To @{text star_class_defs} we would like to add theorems
about @{term nat_of}, @{term int_of}, @{term meet},
@{term join}, etc.
Also, we would like to create introduction rules for new
constants.
*}
ML_setup {*
val atomizers = map thm ["atomize_all", "atomize_imp", "atomize_eq"]
val Ifun_defs = thms "Ifun_defs" @ [thm "Iset_of_def"]
val star_class_defs = thms "star_class_defs"
val transfer_defs = atomizers @ Ifun_defs @ star_class_defs
val transfer_start = thm "transfer_start"
val transfer_intros = thms "transfer_intros"
val transfer_Ifun = thm "transfer_Ifun"
*}
text {*
Next we define the ML function @{text unstar_term}.
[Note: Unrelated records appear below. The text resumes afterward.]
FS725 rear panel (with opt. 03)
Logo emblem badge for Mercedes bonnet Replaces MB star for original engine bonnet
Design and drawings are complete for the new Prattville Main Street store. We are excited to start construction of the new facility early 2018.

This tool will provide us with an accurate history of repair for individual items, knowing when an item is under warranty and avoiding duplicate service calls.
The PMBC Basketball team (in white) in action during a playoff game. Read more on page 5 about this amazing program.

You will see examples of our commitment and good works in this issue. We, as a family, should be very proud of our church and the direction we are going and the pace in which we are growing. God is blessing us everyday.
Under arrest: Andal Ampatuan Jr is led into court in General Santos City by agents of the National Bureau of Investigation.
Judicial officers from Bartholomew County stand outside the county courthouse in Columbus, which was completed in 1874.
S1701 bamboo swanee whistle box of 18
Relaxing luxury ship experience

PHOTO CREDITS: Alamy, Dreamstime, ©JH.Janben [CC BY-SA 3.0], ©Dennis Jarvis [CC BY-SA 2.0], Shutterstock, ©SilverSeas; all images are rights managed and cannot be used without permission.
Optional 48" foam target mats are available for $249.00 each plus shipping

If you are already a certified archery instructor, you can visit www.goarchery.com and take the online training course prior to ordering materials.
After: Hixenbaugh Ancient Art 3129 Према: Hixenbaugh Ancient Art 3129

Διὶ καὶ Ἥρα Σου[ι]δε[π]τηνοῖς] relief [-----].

This function takes a term, and gives back an equivalent
term that does not contain any references to the @{text star}
type constructor. Hopefully the resulting term will still be
type-correct: Any constant whose type contains @{text star}
should either be polymorphic (so that it will still work at
the un-starred instance) or listed in @{text star_consts}
(so it can be removed).
Maybe @{text star_consts} should be extensible?
*}
ML_setup {*
local
fun unstar_typ (Type ("StarType.star",[t])) = unstar_typ t
| unstar_typ (Type (a, Ts)) = Type (a, map unstar_typ Ts)
| unstar_typ T = T
val star_consts =
[ "StarType.star_of", "StarType.Ifun"
, "StarType.Ifun_of", "StarType.Ifun2"
, "StarType.Ifun2_of", "StarType.Ipred"
, "StarType.Ipred_of", "StarType.Ipred2"
, "StarType.Ipred2_of", "StarType.Iset"
, "StarType.Iset_of", "StarType.unstar" ]
fun is_star_const a = exists (fn x => x = a) star_consts
in
fun unstar_term (Const(a,T) $ x) = if (is_star_const a)
then (unstar_term x)
else (Const(a,unstar_typ T) $ unstar_term x)
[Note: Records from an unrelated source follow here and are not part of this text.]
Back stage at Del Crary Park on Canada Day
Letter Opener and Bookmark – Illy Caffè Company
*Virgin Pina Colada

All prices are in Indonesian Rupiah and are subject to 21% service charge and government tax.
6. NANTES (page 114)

| unstar_term (f $ t) = unstar_term f $ unstar_term t
| unstar_term (Const(a,T)) = Const(a,unstar_typ T)
| unstar_term (Abs(a,T,t)) = Abs(a,unstar_typ T,unstar_term t)
| unstar_term t = t
end
*}
text {*
The @{text transfer_thm_of} function takes a term that
represents a proposition, and proves that it is logically
equivalent to the un-starred version. Assuming all goes
well, it returns a theorem asserting the equivalence.
*}
text {*
TODO: We need some error messages for when things go
wrong. Errors may be caused by constants that don't have
matching introduction rules, or quantifiers over wrong types.
*}
ML_setup {*
local
val tacs =
[ match_tac [transitive_thm] 1
, resolve_tac [transfer_start] 1
, REPEAT_ALL_NEW (resolve_tac transfer_intros) 1
, match_tac [reflexive_thm] 1 ]
in
fun transfer_thm_of sg ths t =
let val u = unstar_term t
val e = Const("==", propT --> propT --> propT)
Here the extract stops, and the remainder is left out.